- Task description -
Below are entries with pictures among them; reproduce exactly, and only, the lines from the one containing "4年生が都道府県のテストにチ" down to the one containing "Dieses Kabel von", without the pictures.

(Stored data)
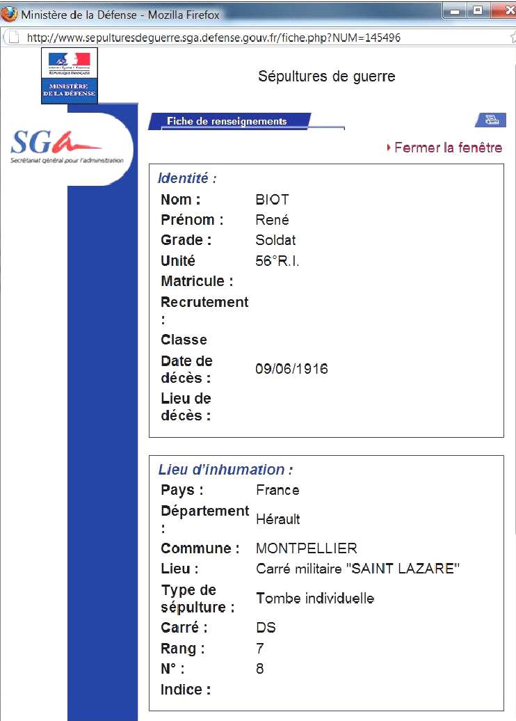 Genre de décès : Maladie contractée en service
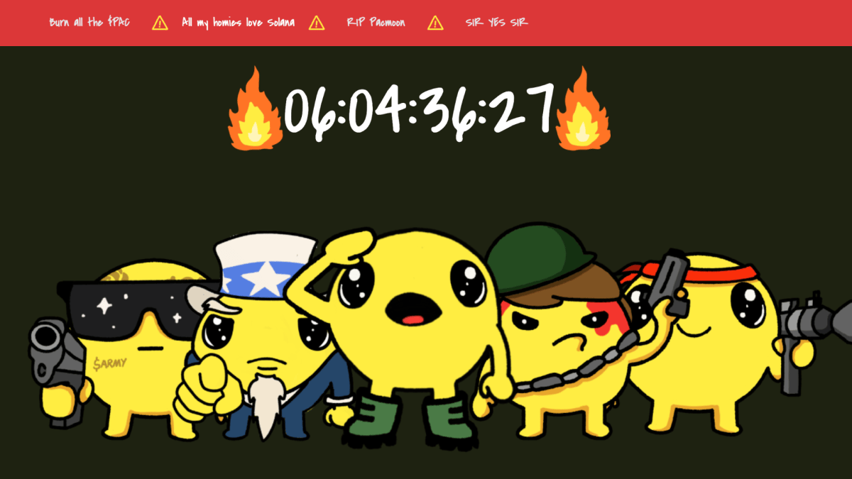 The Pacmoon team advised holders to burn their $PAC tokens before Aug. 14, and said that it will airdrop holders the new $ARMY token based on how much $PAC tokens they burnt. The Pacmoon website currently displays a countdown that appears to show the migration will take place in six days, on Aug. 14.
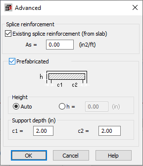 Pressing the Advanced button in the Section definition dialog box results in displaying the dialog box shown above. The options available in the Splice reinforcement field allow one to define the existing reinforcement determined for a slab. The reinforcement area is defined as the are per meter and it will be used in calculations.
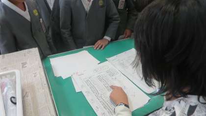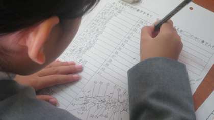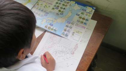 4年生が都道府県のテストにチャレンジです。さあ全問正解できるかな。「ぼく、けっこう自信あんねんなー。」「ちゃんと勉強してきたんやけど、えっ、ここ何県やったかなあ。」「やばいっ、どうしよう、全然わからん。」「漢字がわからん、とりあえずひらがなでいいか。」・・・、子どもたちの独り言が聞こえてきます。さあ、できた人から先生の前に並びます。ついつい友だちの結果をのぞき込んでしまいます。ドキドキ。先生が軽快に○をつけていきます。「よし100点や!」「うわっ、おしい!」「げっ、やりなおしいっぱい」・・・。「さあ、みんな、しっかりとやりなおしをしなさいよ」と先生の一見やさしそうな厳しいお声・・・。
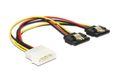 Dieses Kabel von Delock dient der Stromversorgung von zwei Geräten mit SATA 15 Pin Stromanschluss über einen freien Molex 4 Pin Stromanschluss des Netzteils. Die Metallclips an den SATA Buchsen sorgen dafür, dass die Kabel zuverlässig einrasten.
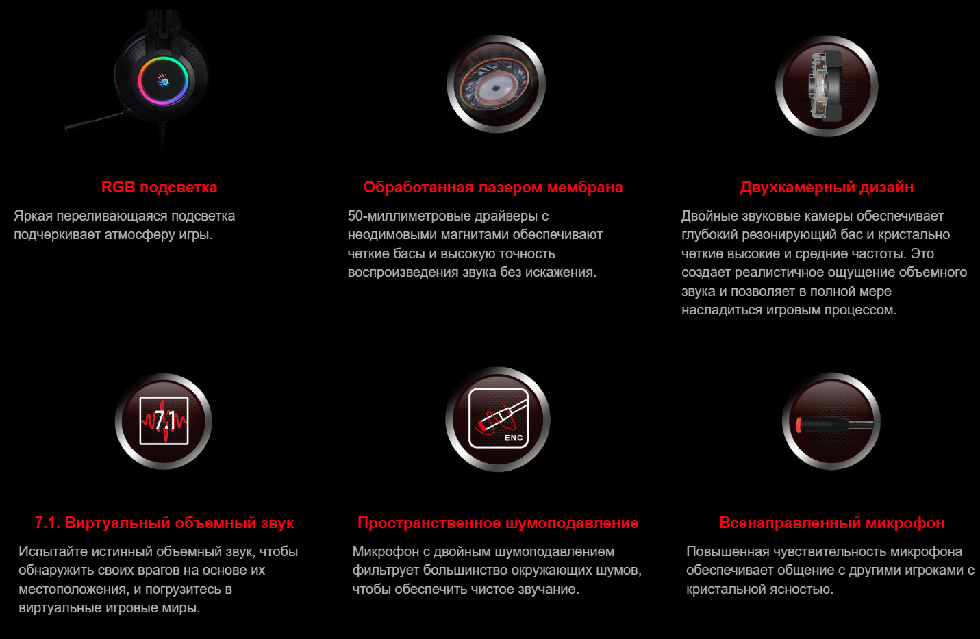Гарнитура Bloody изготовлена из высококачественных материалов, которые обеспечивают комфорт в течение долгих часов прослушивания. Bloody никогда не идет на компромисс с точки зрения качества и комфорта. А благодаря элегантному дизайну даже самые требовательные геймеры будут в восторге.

- Result below -
 4年生が都道府県のテストにチャレンジです。さあ全問正解できるかな。「ぼく、けっこう自信あんねんなー。」「ちゃんと勉強してきたんやけど、えっ、ここ何県やったかなあ。」「やばいっ、どうしよう、全然わからん。」「漢字がわからん、とりあえずひらがなでいいか。」・・・、子どもたちの独り言が聞こえてきます。さあ、できた人から先生の前に並びます。ついつい友だちの結果をのぞき込んでしまいます。ドキドキ。先生が軽快に○をつけていきます。「よし100点や!」「うわっ、おしい!」「げっ、やりなおしいっぱい」・・・。「さあ、みんな、しっかりとやりなおしをしなさいよ」と先生の一見やさしそうな厳しいお声・・・。
 Dieses Kabel von Delock dient der Stromversorgung von zwei Geräten mit SATA 15 Pin Stromanschluss über einen freien Molex 4 Pin Stromanschluss des Netzteils. Die Metallclips an den SATA Buchsen sorgen dafür, dass die Kabel zuverlässig einrasten.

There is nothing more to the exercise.